The Ren lab (PI: Dejian Ren, Professor of Biology, contact: dren AT upenn.edu) is associated with the Department of Biology, University of Pennsylvania, and is located at Carolyn Lynch Research Building. The lab currently has two areas of research: 1) neuronal excitability and its implication in intellectual disability, and 2) lysosomal biology and its role in neurodegenerative diseases.
Excitability of the Brain
We study how the intrinsic excitability of mammalian neurons is regulated. A current focus is on the NALCN -UNC80-UNC79 protein complex that we discovered to form the major Na+-leak channel in mammalian brains. NALCN controls the resting membrane potential of neurons and generates heterogeneity in neuronal excitability. Extracellular Na+ , Ca2+ and small neuropeptide such as substance P also excite neurons through NALCN. The complex evolved about more than a billion years ago, before the divergence between fungi and animals, and before the emergence of eukaryotic voltage-gated sodium channels. In collaboration with clinicians and geneticists, we and others found that variations in NALCN and UNC80 genes cause symptoms including hypotonia, lack of speech development, sleep disturbance and severe intellectual disabilities (read more).
Biophysics and Physiology of Endosomes and Lysosomes
Another area of our current research focuses on intracellular organelles. Intracellular membranes constitute >90% of total cell membrane in eukaryotic cells, but their properties are generally less well defined in comparison with plasma membrane. In the past several years, we have used biophysical, biochemical, genetic and structural approaches to define the biophysical and physiological properties of endosomal and lysosomal membranes. Lysosomes are involved in numerous physiological and pathological functions such as digestion, recycling, autophagy, nutrient sensing, exocytosis, wound healing, calcium signaling, neuronal degeneration and gene expression. Surprisingly, we found that some lysosomes have their own voltage-gated sodium channel (TPC1), are electrically excitable and generate action-potential-like spikes when stimulated. We have discovered lysosomal ion channels that are sensitive to luminal pH, voltage across organelle membrane, membrane lipids, cytosolic ATP levels and extracellular nutrient availability. They regulate cellular processes such as autophagosome-lysosome fusion and organismal function such as physical endurance (read more).

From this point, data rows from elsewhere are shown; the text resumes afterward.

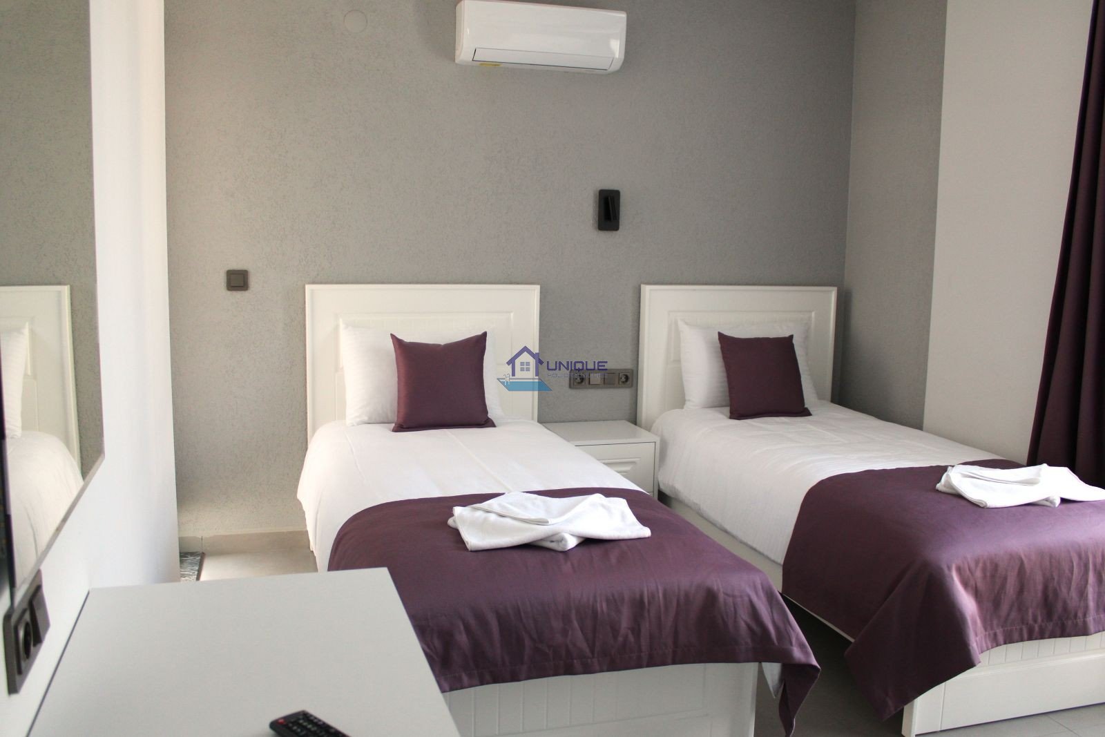 All rooms have air conditioning, TV, wardrobes, and dressing mirrors. From the upper floors, you can enjoy the views of Hisaronu, Babadağ, and the surrounding pine forests — ideal for those seeking an Oludeniz sauna villa or luxury Fethiye family villa.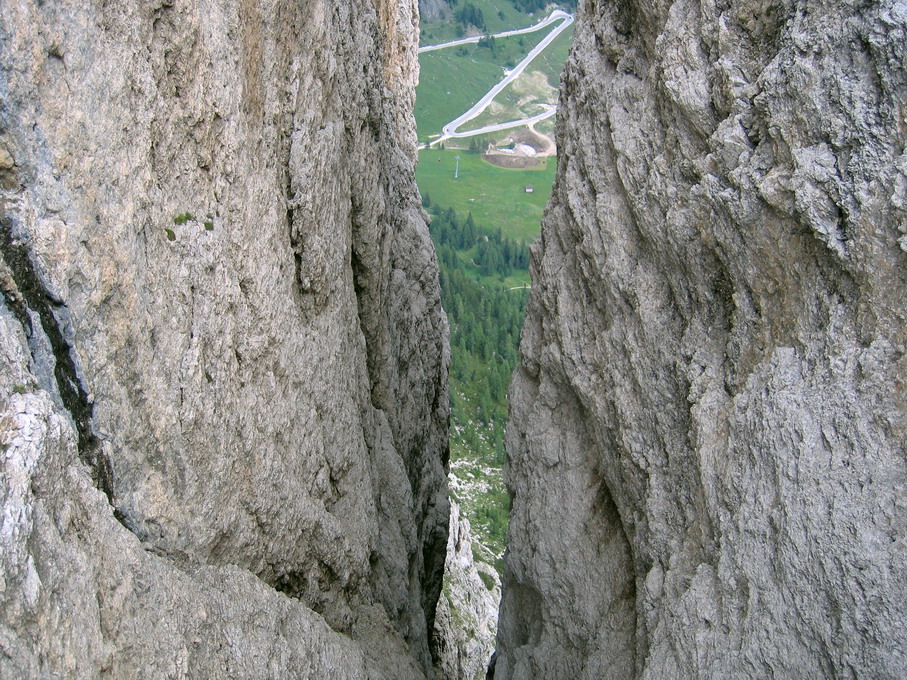 PRÍSTUP: Z Corvary cestou na passo Gardena, asi v strede stúpania odbočiť vľavo na veľké štrkové parkovisko - výrazná tabuľa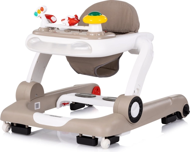 Az Interaktív 4 az 1-ben Little Explorer bébi járássegítő mindent kínál, amire gyermekének szüksége van a világ biztonságos felfedezéséhez. Használható járássegítőként, játékközpontként gombokkal, fényekkel és játékokkal, rugózós üzemmódban az izmok erősítésére, valamint tolójátékként/kis kocsiként az önálló járás támogatására. A széles, stabil alap, a puha, párnázott ülés és a magasságállítás alkalmazkodik a gyermek növekedéséhez.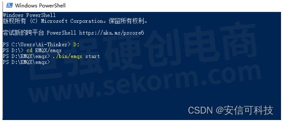 将下载好的EMQX软件解压到自定义路径中,如本机路径为:D:\EMQX\emqx,打开Windows PowerShell,指定到EMQX软件的路径,输入“./bin/emqx start”命令,若无报错,即服务器开启成功。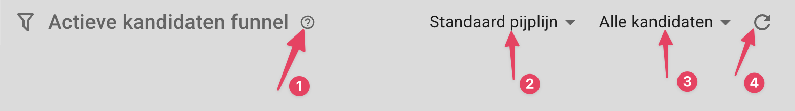 De kandidaten funnel toont een overzicht van actieve kandidaten over alle vacatures, met de optie om ook nieuw aangemaakte kandidaten weer te geven. Onder actieve kandidaten vallen:

Recent genetic studies have implicated lysosomal function in neurodegenerative diseases. For example, variations in the TMEM175 K+ channel we identified are associated with the susceptibility and onset of Parkinson’s disease.
Ion Channel Genes
Sodium/calcium channels: In mammalian brains, voltage-gated Na+ channels (NaVs) and Ca2+ channels (CaVs) are fundamental in action potential generation, synaptic transmission, gene expression and neuronal computation. The pore-forming subunits (α) of CaVs and NaVs consist four homologous repeats, each with six transmembrane domains (6TM, S1-S6). This 4x6TM structure is believed to have evolved from a single 6TM protein through two rounds of gene duplication. In the past, we have discovered 6TM, 2x6TM and 4x6TM ion channels along this evolutionary trajectory.
Potassium channels: Potassium channels play many fundamental roles including setting the resting membrane potential of cells and determining the duration of action potentials in neurons and cardiac muscles. The human genomes have >80 genes encoding the pore-forming subunits of “canonical” K+ channels. A common feature among them is the selectivity filter formed by membrane re-entrant “P-loops” containing a GYG/GFG K+ channel. We recently discovered a novel K+-selective channel TMEM175 (see Cang et al. Cell, 2015). TMEM175 has no P-loop or GYG motif. Instead, the channel filter is formed by the first transmembrane domains (TM1). Homologs are found in bacteria, archaea and eukaryotes. The presence of TMEM175s in all the three life domains suggests an early evolution of two groups of K+ channels with totally different structures: one (as found in the >80 canonical K+ channels) with a GYG/GFG motif-containing P-loop to form the channel pore to select K+ ion, the other (TMEM175) with a P-loop-independent mechanism for K+-selectivity.
Earlier research in the lab also discovered Ca2+ signaling mechanisms during mammalian fertilization (link), with focus on the CatSper ion channel complex in sperm.
Reviews on ion channels we have discovered and/or studied: CatSper (CatSperβ, CatSperγ) (review), NALCN (UNC79, UNC80) (review), TPCs (TPC1, TPC2, TPC3) and KEL/TMEM175 (review).